ISAAC-III questionnaire also assesses the factors associated with allergic diseases in pediatric populations (i.e., acetaminophen use, fast food consumption, exercise, smoking exposure, pet-owning).24,26 We applied this Spanish version of the ISAAC-III questionnaire as all these questions were validated prior.24
Statistical analysis
The statistical analysis was performed using Stata16MP. The significance level for the comparisons was priorly established as 5%. In the descriptive analysis, absolute and relative frequencies were calculated for the qualitative variables. Conversely, for the quantitative variables, central tendency measures (average and median) were estimated. For the dispersion measures, standard deviation and interquartile range were calculated along with maximum and minimum values. Height and weight were extracted from the clinical database of the FSFB. The body mass index (BMI) was adjusted by age group and sex according to World Health Organization standards.27 A multivariate analysis based on a logistic regression model was made to identify the variables associated with AR and CARAS. These variables were included in the model considering biological plausibility and statistical associations with a P < 0.2. Odds ratio was converted into prevalence ratio (PR).28,29 Finally, the diagnosis of the models was performed using linearity and goodness-of-fit tests, assessment of collinearity, evaluation of deviance residuals, and leverage points.
Results
A total of 416 adults aged 18–68 years were included, of which 71.4% were females.
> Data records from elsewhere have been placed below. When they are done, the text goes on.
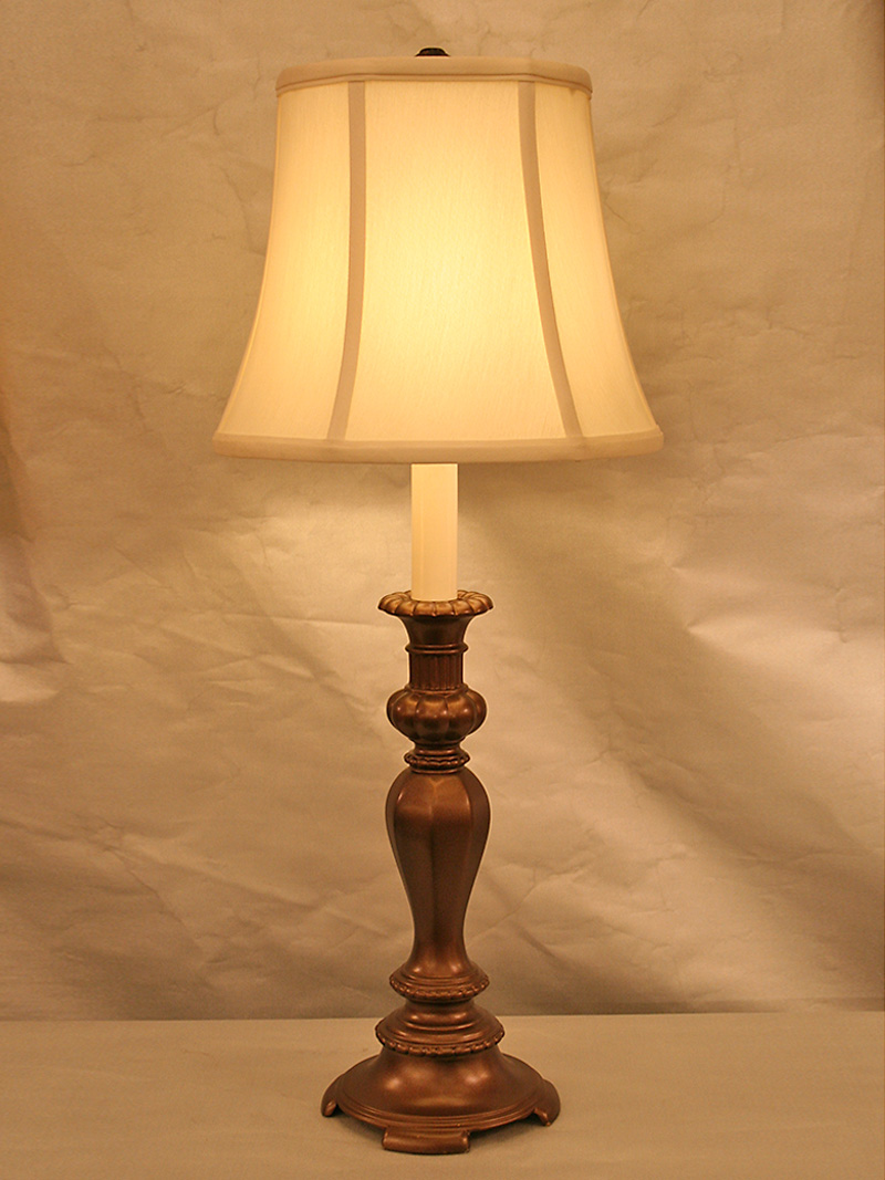 Painted Antique Copper Candle Stick Table Lamp with Footed Base. Base only. 22″ H x 7 1/2″ W, One Edison base 3-way bulb required. Lamp could be used on a bedside table.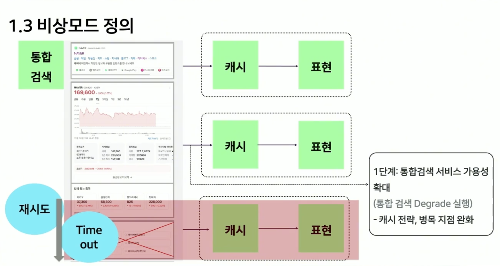 당연히 서버 증설을 하면 좋지만, 이런 예측 불가능한 상황(트래픽 폭증)에서 무제한의 장비 증설은 불가능하다. 그래서, 네이버는 이에 대한 비상 대응 시스템을 설계 및 적용했다.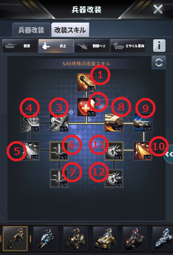 | 現状では特殊部隊は入手が困難なので、サタンミサイル車両の改造はコストがかかりすぎるためお勧めできません。 改造する際には現物、元となる兵器が無いと改造できないのと、改装スキルを進めていく上でも現物の兵器が多数必要になります。 |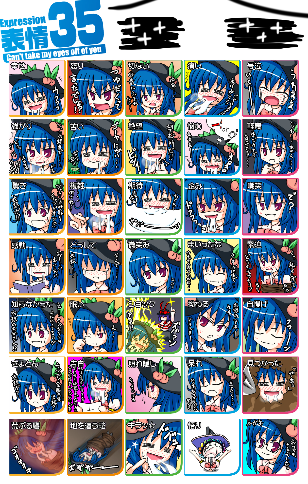 2girlsbespectacledblue hairfemale focusfoodfruitglasseshatlong hairmultiple expressionsmultiple girlspeachred eyessaliva

Overall, 65.1% of the population belonged to a middle-income socioeconomic status, and 31.5% of the total population was overweight or obese. Up to 32.7% of the population remained in immunotherapy treatment for at least 6–12 months. The baseline demographic characteristics of the study population are described in Table 1.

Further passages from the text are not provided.